We've had another mass murder, this time on a community college campus in Oregon, where nine students and the shooter are dead. We're outraged, we're grieving, we're looking for answers. We've been through this before, and the worst part is, we know for a fact we'll go through it again.
Those on the right, when they're not blaming mental health, are blaming liberals in general and Obama in particular. Those on the left are blaming the NRA and an out-of-control gun culture. There is enough goddamned blame to go around, but I blame Congress. They're in control. They can read the same impossible numbersthat I can. They can twist arms. They can make laws. They can declare the gun epidemic a moral crisis--a national disaster--and go at it full force. But they're cowards and they won't.
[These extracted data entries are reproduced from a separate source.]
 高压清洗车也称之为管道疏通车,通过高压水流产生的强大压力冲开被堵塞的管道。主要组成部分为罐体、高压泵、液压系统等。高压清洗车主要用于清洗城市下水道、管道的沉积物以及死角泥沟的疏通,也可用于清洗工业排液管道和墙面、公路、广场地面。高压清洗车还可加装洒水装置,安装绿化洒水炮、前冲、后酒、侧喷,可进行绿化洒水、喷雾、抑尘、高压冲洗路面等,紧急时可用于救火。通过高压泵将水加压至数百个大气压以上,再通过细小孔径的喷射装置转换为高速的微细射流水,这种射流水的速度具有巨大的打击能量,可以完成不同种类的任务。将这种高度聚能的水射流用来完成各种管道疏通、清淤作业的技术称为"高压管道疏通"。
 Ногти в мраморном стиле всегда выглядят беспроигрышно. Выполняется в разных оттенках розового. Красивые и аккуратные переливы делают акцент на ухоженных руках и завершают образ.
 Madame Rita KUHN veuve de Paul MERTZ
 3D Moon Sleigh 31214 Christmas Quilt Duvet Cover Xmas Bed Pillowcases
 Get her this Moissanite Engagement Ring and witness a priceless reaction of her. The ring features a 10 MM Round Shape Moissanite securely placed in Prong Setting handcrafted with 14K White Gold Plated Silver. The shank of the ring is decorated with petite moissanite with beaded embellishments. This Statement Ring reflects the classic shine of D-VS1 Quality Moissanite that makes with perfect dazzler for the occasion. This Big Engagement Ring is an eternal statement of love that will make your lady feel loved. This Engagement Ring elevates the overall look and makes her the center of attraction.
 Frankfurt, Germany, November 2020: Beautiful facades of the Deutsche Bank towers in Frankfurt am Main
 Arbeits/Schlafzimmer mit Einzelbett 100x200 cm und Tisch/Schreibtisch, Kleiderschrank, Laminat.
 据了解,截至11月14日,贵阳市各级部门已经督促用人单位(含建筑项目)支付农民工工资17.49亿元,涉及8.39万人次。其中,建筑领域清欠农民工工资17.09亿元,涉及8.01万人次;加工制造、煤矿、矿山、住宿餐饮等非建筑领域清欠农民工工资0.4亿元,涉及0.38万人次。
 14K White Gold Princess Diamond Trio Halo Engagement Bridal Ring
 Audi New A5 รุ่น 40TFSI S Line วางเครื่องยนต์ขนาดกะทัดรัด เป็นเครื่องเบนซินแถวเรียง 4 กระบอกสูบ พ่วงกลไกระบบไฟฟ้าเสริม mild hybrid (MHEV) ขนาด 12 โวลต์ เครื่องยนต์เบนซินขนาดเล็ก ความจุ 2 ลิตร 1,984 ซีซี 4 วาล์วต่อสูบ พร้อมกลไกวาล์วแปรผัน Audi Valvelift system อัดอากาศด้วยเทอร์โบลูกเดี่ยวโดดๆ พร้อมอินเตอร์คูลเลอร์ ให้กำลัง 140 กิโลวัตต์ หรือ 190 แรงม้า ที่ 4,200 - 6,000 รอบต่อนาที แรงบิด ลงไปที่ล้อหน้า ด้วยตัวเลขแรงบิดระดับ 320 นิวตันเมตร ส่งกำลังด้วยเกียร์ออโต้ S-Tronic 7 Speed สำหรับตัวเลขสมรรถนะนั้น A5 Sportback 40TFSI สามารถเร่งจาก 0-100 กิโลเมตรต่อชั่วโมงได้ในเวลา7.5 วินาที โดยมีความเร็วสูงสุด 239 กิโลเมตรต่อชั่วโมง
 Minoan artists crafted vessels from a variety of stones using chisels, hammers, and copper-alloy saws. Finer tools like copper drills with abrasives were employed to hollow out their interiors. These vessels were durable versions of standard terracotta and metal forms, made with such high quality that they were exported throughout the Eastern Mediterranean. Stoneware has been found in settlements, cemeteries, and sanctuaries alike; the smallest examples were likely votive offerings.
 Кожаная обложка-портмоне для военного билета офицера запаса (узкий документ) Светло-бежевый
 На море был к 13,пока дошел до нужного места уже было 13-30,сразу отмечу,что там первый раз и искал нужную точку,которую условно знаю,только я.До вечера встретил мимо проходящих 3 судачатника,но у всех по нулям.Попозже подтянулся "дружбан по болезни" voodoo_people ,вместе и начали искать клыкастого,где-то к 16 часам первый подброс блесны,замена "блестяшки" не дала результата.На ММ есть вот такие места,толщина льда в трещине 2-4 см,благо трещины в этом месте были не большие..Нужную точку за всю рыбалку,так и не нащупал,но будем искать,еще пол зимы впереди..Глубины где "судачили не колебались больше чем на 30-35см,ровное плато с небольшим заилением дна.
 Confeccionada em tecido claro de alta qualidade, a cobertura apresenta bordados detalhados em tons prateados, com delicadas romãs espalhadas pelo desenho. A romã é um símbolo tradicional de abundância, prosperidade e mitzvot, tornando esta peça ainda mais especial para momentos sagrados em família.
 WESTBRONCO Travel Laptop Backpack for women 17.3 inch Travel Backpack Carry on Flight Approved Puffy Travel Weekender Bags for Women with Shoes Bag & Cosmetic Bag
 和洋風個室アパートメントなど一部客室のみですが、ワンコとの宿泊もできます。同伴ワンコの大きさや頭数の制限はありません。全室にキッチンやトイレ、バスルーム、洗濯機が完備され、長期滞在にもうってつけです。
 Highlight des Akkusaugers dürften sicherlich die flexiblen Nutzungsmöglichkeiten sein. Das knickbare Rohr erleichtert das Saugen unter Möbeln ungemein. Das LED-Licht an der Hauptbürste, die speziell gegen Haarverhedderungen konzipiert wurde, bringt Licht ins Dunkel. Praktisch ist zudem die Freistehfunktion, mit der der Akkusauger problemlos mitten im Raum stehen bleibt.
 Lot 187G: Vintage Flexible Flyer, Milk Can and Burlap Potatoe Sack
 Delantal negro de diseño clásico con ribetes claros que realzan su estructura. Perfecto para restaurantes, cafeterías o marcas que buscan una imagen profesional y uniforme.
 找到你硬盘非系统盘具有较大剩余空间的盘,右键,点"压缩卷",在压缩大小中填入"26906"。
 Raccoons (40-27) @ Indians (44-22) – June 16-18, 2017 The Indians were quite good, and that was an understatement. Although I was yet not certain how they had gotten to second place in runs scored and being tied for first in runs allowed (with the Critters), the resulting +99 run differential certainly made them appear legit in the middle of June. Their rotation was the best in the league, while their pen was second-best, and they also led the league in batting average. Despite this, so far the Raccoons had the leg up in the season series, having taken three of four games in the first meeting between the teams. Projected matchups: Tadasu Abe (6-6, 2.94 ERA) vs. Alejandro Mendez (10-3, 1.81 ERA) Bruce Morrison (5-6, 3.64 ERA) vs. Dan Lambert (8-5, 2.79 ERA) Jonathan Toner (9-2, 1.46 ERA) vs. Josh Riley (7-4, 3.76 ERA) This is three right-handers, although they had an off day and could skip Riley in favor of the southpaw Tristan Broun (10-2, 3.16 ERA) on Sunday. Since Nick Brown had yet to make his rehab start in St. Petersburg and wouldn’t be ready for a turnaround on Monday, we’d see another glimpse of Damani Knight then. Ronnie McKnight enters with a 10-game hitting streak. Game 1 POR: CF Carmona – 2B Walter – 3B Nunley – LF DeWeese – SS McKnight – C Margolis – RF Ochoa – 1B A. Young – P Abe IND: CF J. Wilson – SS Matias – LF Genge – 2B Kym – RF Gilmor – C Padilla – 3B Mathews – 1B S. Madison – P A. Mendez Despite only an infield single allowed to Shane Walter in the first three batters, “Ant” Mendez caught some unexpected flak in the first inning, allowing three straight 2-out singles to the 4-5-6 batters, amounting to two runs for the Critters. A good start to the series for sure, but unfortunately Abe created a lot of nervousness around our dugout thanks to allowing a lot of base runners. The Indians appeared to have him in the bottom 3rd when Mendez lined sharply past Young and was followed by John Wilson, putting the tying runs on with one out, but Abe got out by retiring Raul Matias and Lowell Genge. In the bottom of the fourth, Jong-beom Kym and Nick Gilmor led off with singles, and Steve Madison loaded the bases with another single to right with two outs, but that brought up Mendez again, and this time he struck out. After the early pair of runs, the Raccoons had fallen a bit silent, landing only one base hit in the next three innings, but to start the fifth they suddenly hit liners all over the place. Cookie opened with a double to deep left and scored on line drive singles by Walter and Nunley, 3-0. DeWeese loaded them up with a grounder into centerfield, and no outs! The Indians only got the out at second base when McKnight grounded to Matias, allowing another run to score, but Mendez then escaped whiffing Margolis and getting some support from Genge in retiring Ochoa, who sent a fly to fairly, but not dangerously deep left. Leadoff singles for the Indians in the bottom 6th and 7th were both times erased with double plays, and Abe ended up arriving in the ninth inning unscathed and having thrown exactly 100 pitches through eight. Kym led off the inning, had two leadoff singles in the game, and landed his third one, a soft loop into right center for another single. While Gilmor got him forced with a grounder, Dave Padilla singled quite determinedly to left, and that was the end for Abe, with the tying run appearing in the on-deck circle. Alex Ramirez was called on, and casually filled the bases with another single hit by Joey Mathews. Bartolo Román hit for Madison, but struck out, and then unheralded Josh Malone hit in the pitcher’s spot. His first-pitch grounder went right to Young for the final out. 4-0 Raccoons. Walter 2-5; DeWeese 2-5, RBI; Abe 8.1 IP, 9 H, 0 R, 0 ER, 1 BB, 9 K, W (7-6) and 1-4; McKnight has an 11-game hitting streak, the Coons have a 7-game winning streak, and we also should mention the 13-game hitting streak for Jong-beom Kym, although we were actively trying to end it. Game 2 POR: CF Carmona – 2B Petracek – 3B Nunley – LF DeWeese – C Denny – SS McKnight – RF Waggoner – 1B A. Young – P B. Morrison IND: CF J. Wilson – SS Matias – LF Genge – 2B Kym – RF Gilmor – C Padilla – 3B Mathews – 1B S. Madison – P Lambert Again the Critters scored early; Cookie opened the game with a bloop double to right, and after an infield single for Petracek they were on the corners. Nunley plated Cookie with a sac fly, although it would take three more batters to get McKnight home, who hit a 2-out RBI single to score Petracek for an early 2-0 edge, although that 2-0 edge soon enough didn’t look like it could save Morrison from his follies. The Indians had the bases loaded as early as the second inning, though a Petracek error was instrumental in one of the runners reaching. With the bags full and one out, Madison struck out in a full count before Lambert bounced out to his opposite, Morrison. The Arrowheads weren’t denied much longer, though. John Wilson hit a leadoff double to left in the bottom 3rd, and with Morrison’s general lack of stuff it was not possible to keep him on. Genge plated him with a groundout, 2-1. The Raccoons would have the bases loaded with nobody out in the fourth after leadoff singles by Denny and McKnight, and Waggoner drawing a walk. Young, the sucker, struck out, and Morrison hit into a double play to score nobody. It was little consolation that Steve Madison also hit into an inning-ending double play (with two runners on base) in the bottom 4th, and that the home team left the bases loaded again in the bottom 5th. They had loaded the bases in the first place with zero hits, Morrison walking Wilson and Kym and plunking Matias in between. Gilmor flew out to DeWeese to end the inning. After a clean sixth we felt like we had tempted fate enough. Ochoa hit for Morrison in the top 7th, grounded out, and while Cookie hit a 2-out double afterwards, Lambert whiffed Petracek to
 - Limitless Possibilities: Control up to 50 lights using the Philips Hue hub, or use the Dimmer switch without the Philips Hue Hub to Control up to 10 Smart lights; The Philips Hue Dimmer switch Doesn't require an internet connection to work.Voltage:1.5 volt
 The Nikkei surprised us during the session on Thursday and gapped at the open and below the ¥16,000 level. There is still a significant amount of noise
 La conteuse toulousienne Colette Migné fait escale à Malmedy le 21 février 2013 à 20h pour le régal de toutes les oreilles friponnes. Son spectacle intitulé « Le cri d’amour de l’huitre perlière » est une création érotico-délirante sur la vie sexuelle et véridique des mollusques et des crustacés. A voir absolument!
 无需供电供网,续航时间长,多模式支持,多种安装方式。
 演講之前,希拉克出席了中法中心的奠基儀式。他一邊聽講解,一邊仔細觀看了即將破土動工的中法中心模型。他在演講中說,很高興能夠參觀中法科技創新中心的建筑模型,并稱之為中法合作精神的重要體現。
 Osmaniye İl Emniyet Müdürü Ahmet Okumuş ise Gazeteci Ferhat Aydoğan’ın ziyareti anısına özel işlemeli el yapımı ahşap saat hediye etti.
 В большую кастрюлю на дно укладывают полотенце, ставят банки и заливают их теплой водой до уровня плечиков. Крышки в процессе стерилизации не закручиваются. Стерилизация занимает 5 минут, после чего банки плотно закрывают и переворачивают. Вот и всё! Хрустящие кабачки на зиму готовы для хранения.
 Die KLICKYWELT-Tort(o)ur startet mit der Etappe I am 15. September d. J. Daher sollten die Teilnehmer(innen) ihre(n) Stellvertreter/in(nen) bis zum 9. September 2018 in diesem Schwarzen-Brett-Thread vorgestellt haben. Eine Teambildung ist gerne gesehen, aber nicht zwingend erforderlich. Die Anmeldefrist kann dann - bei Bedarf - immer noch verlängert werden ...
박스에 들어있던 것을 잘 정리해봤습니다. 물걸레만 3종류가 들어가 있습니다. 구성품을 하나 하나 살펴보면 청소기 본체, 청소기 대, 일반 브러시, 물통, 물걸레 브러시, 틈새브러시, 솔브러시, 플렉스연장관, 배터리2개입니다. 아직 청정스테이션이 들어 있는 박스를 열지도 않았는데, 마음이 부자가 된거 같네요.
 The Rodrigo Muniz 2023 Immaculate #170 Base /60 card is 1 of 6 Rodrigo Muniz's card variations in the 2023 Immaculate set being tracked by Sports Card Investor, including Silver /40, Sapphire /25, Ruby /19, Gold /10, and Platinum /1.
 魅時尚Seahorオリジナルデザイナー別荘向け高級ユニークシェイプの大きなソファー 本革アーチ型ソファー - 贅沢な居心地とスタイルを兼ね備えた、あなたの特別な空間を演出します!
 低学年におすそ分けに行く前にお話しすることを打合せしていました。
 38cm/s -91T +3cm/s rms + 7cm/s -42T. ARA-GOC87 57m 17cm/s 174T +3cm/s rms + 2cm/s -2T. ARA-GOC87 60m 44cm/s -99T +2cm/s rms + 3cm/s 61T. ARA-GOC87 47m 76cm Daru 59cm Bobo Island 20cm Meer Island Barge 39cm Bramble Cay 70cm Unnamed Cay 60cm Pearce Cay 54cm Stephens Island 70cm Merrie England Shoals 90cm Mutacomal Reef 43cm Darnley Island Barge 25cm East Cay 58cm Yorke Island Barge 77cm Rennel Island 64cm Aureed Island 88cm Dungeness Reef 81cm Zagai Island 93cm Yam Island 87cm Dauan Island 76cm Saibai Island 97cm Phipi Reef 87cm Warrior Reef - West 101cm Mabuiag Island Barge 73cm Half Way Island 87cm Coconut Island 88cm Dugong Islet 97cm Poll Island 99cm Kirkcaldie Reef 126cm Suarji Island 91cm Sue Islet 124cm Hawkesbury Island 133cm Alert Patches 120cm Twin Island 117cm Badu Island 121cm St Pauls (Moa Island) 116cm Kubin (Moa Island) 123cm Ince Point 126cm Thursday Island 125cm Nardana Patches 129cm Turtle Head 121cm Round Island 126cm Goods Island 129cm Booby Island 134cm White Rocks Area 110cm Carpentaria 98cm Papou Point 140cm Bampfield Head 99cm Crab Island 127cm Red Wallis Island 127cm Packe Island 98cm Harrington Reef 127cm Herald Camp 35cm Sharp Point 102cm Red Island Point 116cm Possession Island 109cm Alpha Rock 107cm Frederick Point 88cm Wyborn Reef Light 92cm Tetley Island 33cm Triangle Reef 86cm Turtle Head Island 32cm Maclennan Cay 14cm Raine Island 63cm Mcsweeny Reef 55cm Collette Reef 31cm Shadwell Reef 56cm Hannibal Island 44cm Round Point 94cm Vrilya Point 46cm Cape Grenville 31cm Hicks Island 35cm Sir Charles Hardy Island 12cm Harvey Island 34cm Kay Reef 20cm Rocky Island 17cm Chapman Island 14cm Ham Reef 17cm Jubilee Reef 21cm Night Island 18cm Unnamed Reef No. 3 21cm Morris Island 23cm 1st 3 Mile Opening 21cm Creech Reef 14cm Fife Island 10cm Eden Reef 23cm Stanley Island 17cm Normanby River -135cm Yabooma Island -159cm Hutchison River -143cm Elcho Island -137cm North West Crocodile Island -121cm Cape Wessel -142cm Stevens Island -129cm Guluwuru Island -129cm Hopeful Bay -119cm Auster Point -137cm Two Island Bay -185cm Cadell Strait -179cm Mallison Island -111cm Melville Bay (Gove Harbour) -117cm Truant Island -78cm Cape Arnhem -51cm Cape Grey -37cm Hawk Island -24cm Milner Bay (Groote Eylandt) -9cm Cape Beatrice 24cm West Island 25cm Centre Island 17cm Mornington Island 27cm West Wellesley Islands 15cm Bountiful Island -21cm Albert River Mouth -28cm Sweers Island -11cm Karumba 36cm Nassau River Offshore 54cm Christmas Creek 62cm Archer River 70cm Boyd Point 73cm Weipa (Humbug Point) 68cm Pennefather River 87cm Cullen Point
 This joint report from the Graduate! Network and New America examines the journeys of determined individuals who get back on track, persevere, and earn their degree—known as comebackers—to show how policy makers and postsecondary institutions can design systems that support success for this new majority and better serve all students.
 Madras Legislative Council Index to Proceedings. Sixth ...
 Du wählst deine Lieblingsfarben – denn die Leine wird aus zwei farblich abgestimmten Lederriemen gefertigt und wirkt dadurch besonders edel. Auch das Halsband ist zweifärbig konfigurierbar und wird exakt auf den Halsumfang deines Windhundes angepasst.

When it comes to gun murders we're so far ahead of any country on earth, there's no danger of any of them catching up with us. And still we do nothing but argue about it. We're so good at rehashing the same old stuff, we've become experts at it. Not at finding solutions, just at rehashing.
I wish I knew what else to do. I don't. So let me rehash. This is the column I wrote after the Republicans in Congress voted down what should have been a slam-dunk reform move after the Sandy Hook massacre at Newtown, Massachusetts. Congress had all the public support it needed to grind to a halt the bloody mess our love affair with guns has caused. They wouldn't do it. They still won't do it. And without them, we can't do it. (It's long, I know, but there are voices there that deserve to be heard again. As you read this, keep in mind that the vote happened more than two years ago. We've had an election since then and many of those same congressional culprits have been re-elected.)
April 18, 2013:
Politicians out of control on Guns: Never Forgive, Never Forget
Yesterday 46 members of the Senate voted down a proposal that would have been a logical first step to gun control--universal background checks. They were able to vote it down, even though 54 members voted for it because they rigged the way the votes count now. Voting it down for no good reason is bad enough but they did it through cowardice, lies and cheats. The whole process was despicable, made even more so by the fact that it happened in the chambers where expectations of fairness and fidelity used to run quite high.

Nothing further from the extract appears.